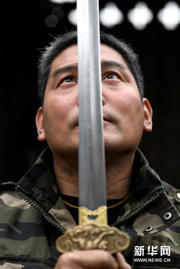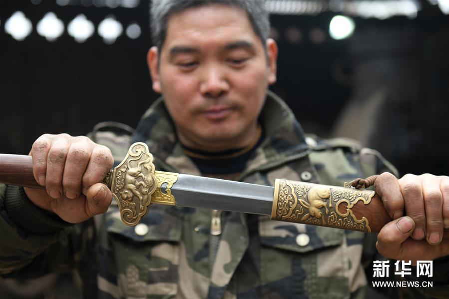 11月14日,在石家庄市行唐县铁匠庄村,李住军在工作室展示工艺剑成品。 河北省石家庄市行唐县铁匠庄村以打铁远近闻名,几百年来,这门技艺在铁匠庄村传承不绝。 今年47岁的李住军是村里的代表性打铁匠人,他师承父亲,凭着对传统技艺的热爱,钻研摸索十余载,掌握了百炼花纹钢锻造技艺,他所掌握的传统工艺剑锻造技艺被评为石家庄市级非物质文化遗产。 近年来,李住军坚持创新,打造出蚕丝纹、流水纹等十余种精美花纹图案,这种经反复折叠锻打而在表面上所浮现的肌理纹路,增强了工艺剑美感,提升了工艺品质,成为当地一张独特的非遗文化名片。 新华社发(陈其保摄)
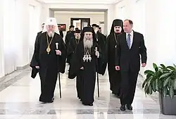 He was officially enthroned as Patriarch of Jerusalem and All Palestine[8] on November 22, 2005. Delegates from all of the Orthodox Churches as well as high secular dignitaries were in attendance, including the President of Greece, and senior officials representing the governments of Palestine, Jordan and Qatar, as well as diplomats and military officials.[9]
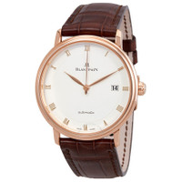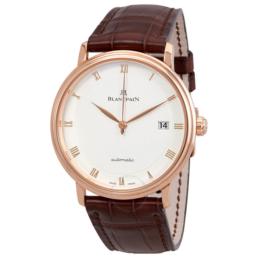 18kt rose gold case with a brown alligator leather strap. Fixed 18kt rose gold bezel. Opaline dial with rose gold-tone leaf-style shape hands and Roman numeral hour markers. Dial Type: Analog. Date display at the 3 o'clock position. Blancpain Calibre 1150 Automatic movement, containing 28 Jewels, composed of 210 parts, bitting at 21600 vph, and has a power reserve of approximately 100 hours. Scratch resistant sapphire crystal. Solid case back. Round case shape, case size: 38 mm. Pin buckle clasp. Water resistant at 30 meters / 100 feet. Functions: date, hour, minute, second. Villeret Ultraplate Series. Luxury watch style. Watch label: Swiss Made. Blancpain Villeret Ultraplate Opaline Dial 18K Rose Gold Automatic Men's Watch 6223-3642-55A. GENERAL Box Type: Original Box CASE Case Size: 38 Case Material: 18kt Rose Gold Case Shape: Round Case Back: Solid BAND Band Material: Alligator Leather Band Type: Strap Band Color: Brown Clasp: Pin Buckle DIAL Dial Color: Opaline Type: Analog Crystal: Scratch Resistant Sapphire Hands: Rose Gold-Tone Leaf-style shape Dial Markers: Roman Numeral Bezel: Fixed Bezel Material: 18kt Rose Gold INFORMATION Brand: Blancpain Series: Villeret Ultraplate Collection Name: Villeret Ultraplate Gender: Mens Model: 6223-3642-55A Watch Label: Swiss Made Movement: Automatic Engine: Blancpain Calibre 1150 Power Reserve: 100 hours FEATURES Water Resistance: 30 meters / 100 feet Calendar: Date display at the 3 o'clock position Functions: Date, Hour, Minute, Second Watch Features: Alligator Leather, Analog, Gold, Leather ADDITIONAL INFO Watch Style: Luxury Warranty: 2 Year Jomashop Warranty UPC Code: 7613297302783 Jomashop Sku: BLANC6223-3642-55A Department: Watches Category: Watches

▶ **Task instructions**: Copy the data verbatim, skipping any image it holds.

▶ **Exercise result**:
 11月14日,在石家庄市行唐县铁匠庄村,李住军在工作室展示工艺剑成品。 河北省石家庄市行唐县铁匠庄村以打铁远近闻名,几百年来,这门技艺在铁匠庄村传承不绝。 今年47岁的李住军是村里的代表性打铁匠人,他师承父亲,凭着对传统技艺的热爱,钻研摸索十余载,掌握了百炼花纹钢锻造技艺,他所掌握的传统工艺剑锻造技艺被评为石家庄市级非物质文化遗产。 近年来,李住军坚持创新,打造出蚕丝纹、流水纹等十余种精美花纹图案,这种经反复折叠锻打而在表面上所浮现的肌理纹路,增强了工艺剑美感,提升了工艺品质,成为当地一张独特的非遗文化名片。 新华社发(陈其保摄)
 He was officially enthroned as Patriarch of Jerusalem and All Palestine[8] on November 22, 2005. Delegates from all of the Orthodox Churches as well as high secular dignitaries were in attendance, including the President of Greece, and senior officials representing the governments of Palestine, Jordan and Qatar, as well as diplomats and military officials.[9]
 18kt rose gold case with a brown alligator leather strap. Fixed 18kt rose gold bezel. Opaline dial with rose gold-tone leaf-style shape hands and Roman numeral hour markers. Dial Type: Analog. Date display at the 3 o'clock position. Blancpain Calibre 1150 Automatic movement, containing 28 Jewels, composed of 210 parts, bitting at 21600 vph, and has a power reserve of approximately 100 hours. Scratch resistant sapphire crystal. Solid case back. Round case shape, case size: 38 mm. Pin buckle clasp. Water resistant at 30 meters / 100 feet. Functions: date, hour, minute, second. Villeret Ultraplate Series. Luxury watch style. Watch label: Swiss Made. Blancpain Villeret Ultraplate Opaline Dial 18K Rose Gold Automatic Men's Watch 6223-3642-55A. GENERAL Box Type: Original Box CASE Case Size: 38 Case Material: 18kt Rose Gold Case Shape: Round Case Back: Solid BAND Band Material: Alligator Leather Band Type: Strap Band Color: Brown Clasp: Pin Buckle DIAL Dial Color: Opaline Type: Analog Crystal: Scratch Resistant Sapphire Hands: Rose Gold-Tone Leaf-style shape Dial Markers: Roman Numeral Bezel: Fixed Bezel Material: 18kt Rose Gold INFORMATION Brand: Blancpain Series: Villeret Ultraplate Collection Name: Villeret Ultraplate Gender: Mens Model: 6223-3642-55A Watch Label: Swiss Made Movement: Automatic Engine: Blancpain Calibre 1150 Power Reserve: 100 hours FEATURES Water Resistance: 30 meters / 100 feet Calendar: Date display at the 3 o'clock position Functions: Date, Hour, Minute, Second Watch Features: Alligator Leather, Analog, Gold, Leather ADDITIONAL INFO Watch Style: Luxury Warranty: 2 Year Jomashop Warranty UPC Code: 7613297302783 Jomashop Sku: BLANC6223-3642-55A Department: Watches Category: Watches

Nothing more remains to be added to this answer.